So yes, Foxconn needs to treat its workers much more fairly, pay them as agreed, and protect them and the facility. Apparently the newest workers weren’t working out, so they paid them to go home. They’re trying to pay again for experienced workers to come back. And / or the factory will have to work at reduced capacity regardless of the demand situation.
As for S Lawton’s concerns about quality assembly and quailing control, Apple is not going to tolerate getting partially defective or poorly assembled iPhones out and then having to deal with complaints and warranty issues, not to mention further negative publicity. If Foxconn F***s up here, they can kiss their contracts good bye.
OT: My brother just bought a new MacBook Pro to get that M-series.
Point is: Gallagher is still counting iPhones. iPhone sales seasonality, cyclicality, and supply chain rumors have minimal predictive value.
I thought about that too. If Watch Ultra has really solid first mover sales, or upsells from regular Watch 8 sales, and AirPods Pro also sell well, Wearables could conceivably increase 5, 10, maybe 12% YOY, from $14.7B in Q1 2022 to $15.43B, $16.2B, or $16.5B respectively. A real beat would be 15% or $16.9B, but even with that, it’s only $2.2B more revenue. Apple Watches sold 46M units total in 2021, averaging 11.5M units/ quarter. If the additional $2.2B was all Watch Ultras, that would be 2.75M sold and a 20% increase in total Watch units this quarter. But this is not counting AirPods Pro, Beats, AirTags growth, additional bands, etc. Could we dare hope for a 12-20% increase in Wearables purchases as less expensive gift options while iPhone Pro models were in constrained supply?

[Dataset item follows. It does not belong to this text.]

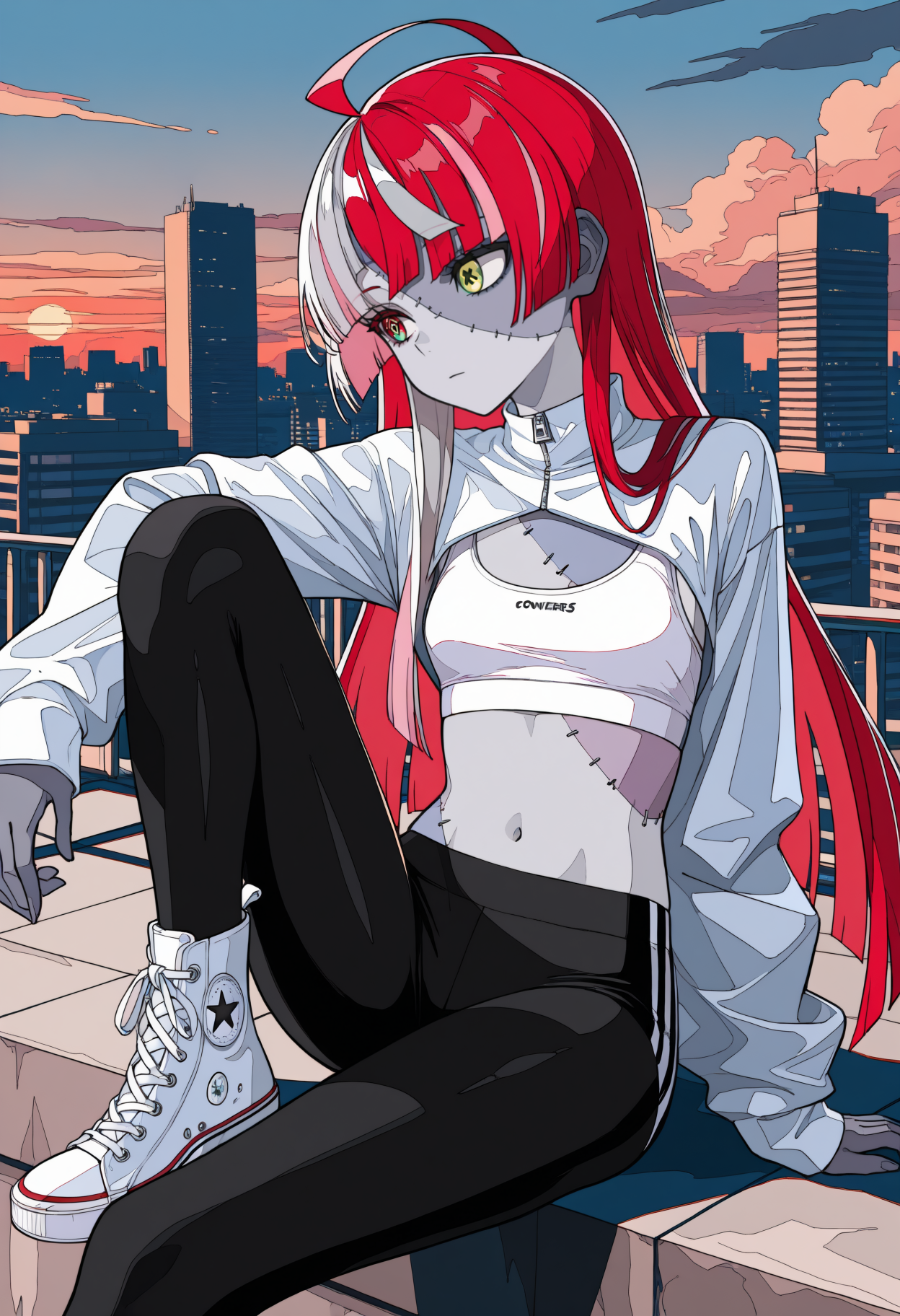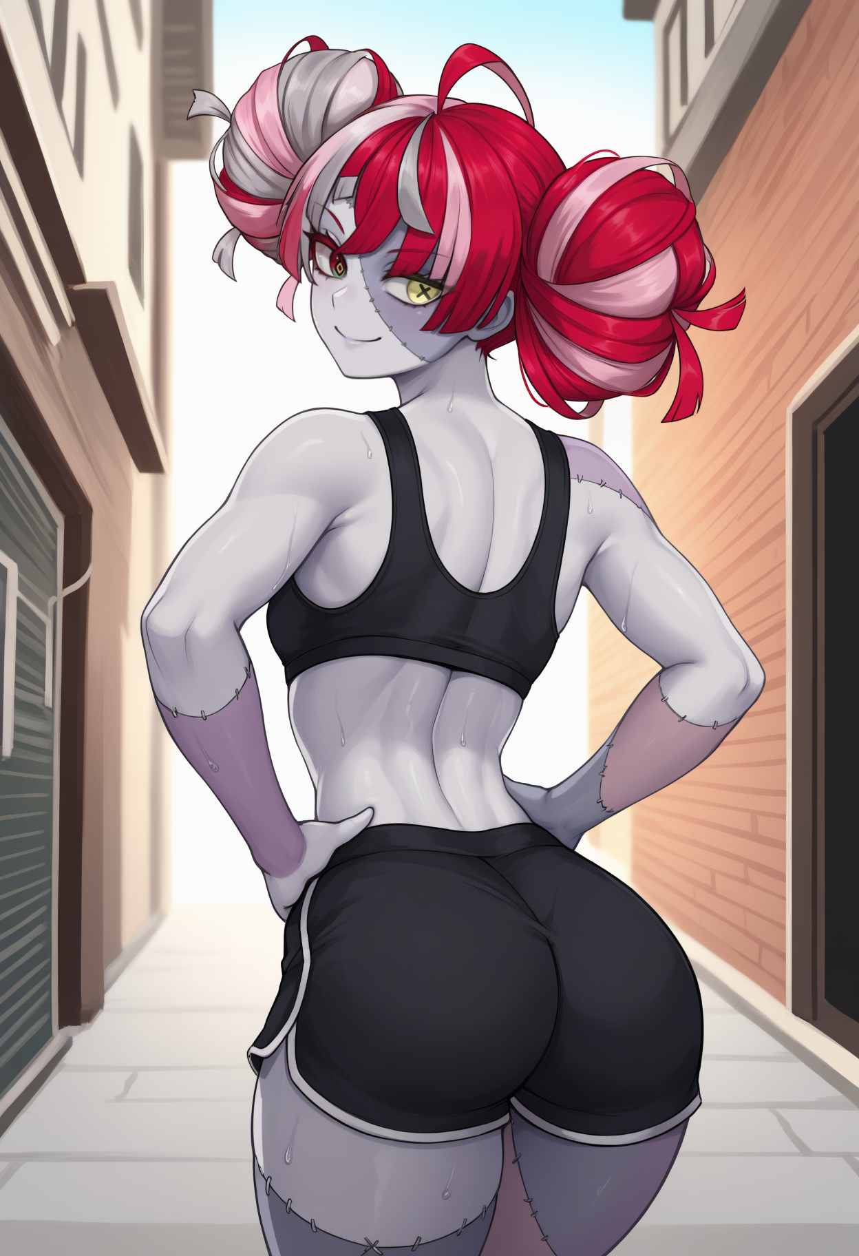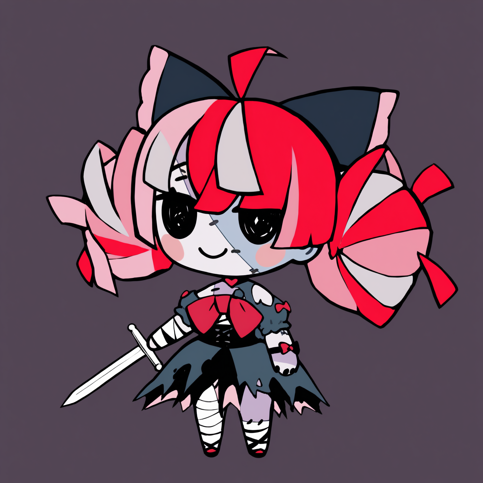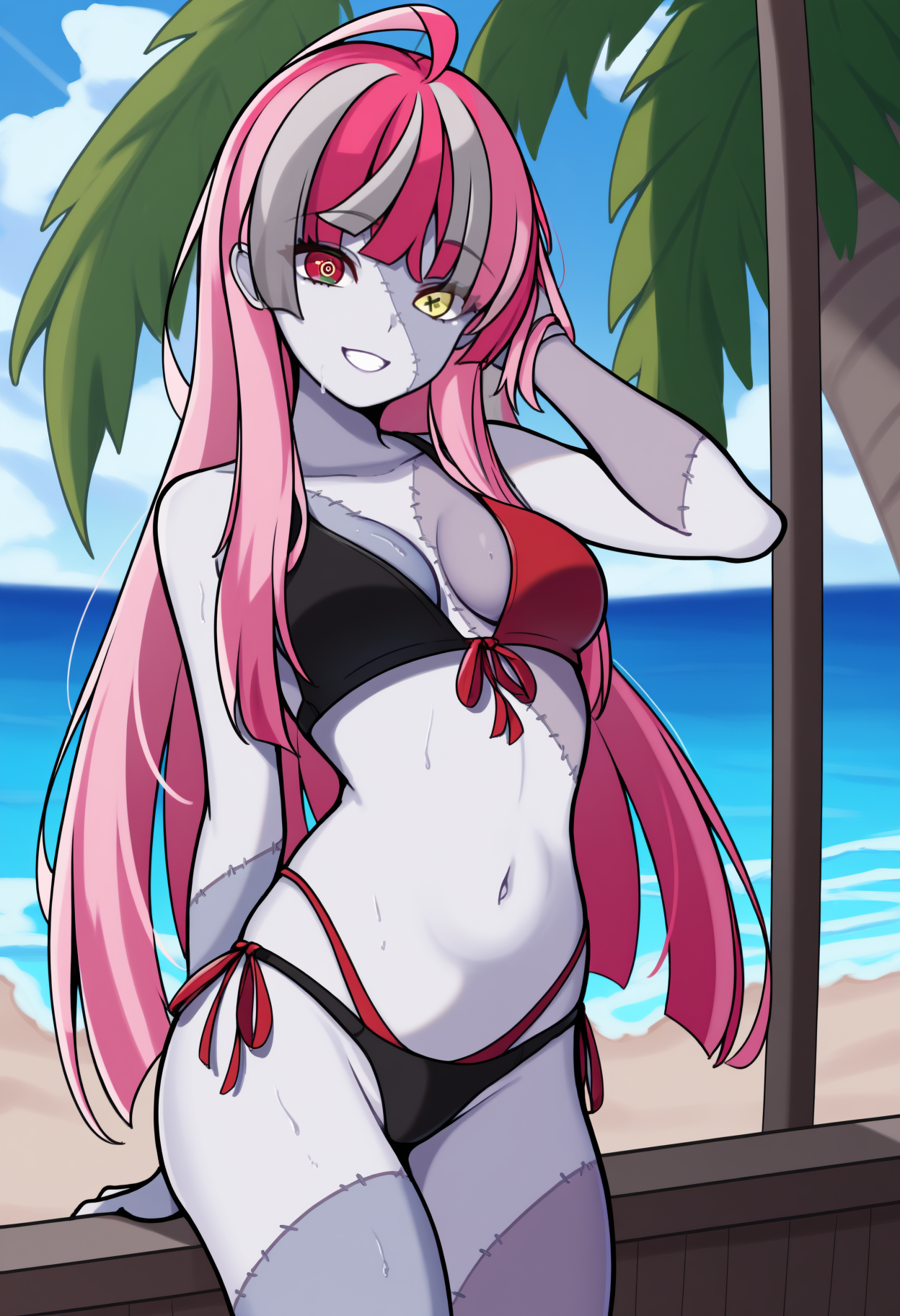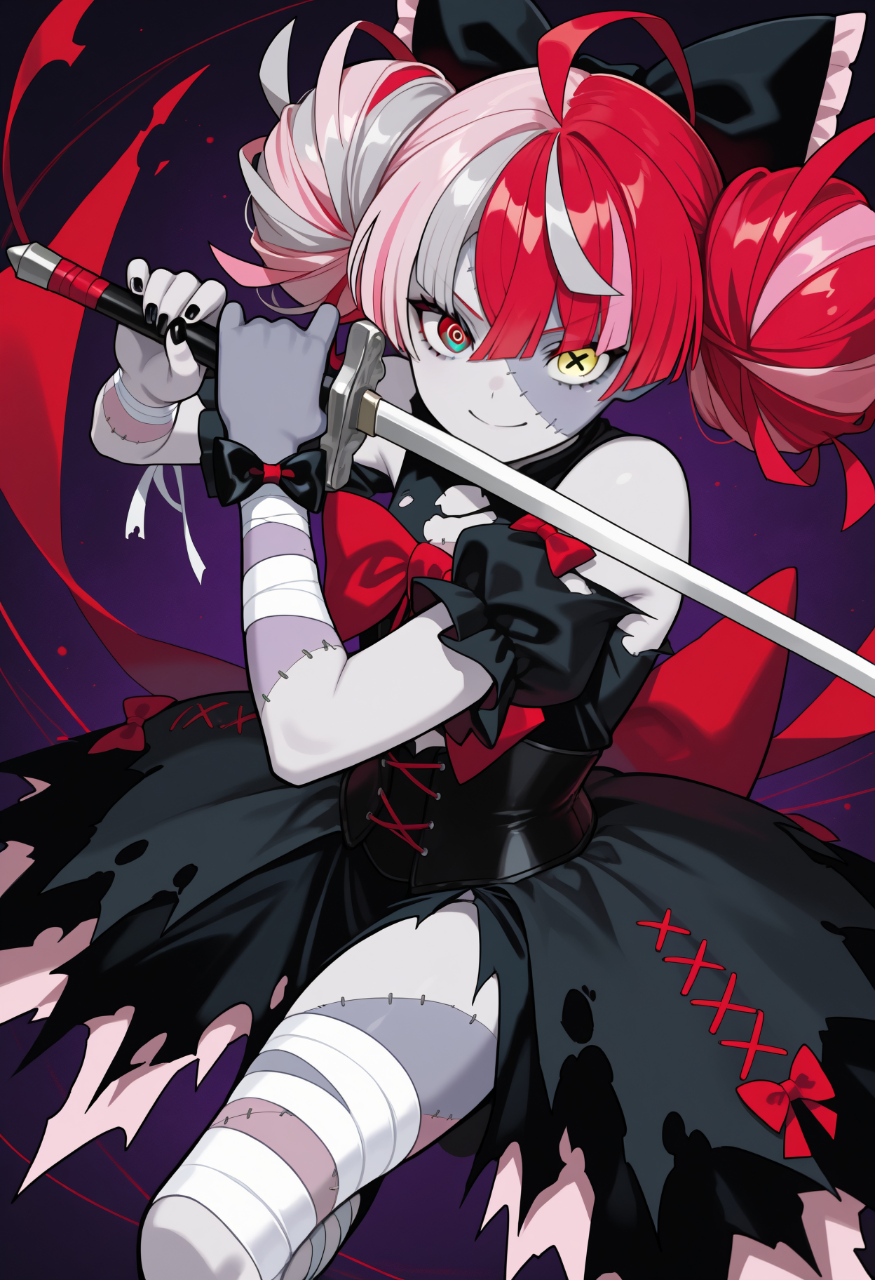 Custom Outfit: kureijirnd, zombie, two-tone skin, patchwork skin, stitches, stitched face, stitched arm, multicolored hair, red hair, pink hair, white hair, grey hair, blunt ends, double bun, hair bow, black bow, heterochromia, red eyes, yellow eyes, mismatched pupils, diamond-shaped pupils, x-shaped pupils

A $2.2B increase in Wearables would be a good 30% chunk recovered of the potential $6-7B iPhone shortfall. Could then services, iPad and Mac make up the rest?
“ How Alphabet, Amazon, and Apple Fared in the Last Big Recession “
‘ By Keith Speights – Apr 9, 2022
Alphabet, Amazon, and Apple stocks fell close to 60% in the last big recession.
Each recession is different — and these companies have also changed a lot since the Great Recession.
The most important lesson for investors is that each stock bounced back strongly over time. ‘
TC and his staff gain experience from each so-called crisis and uses the learnings, and what they themselves bring to Apple, to manage situations big & small that would impact the Company, it’s Customers, and its Shareholders.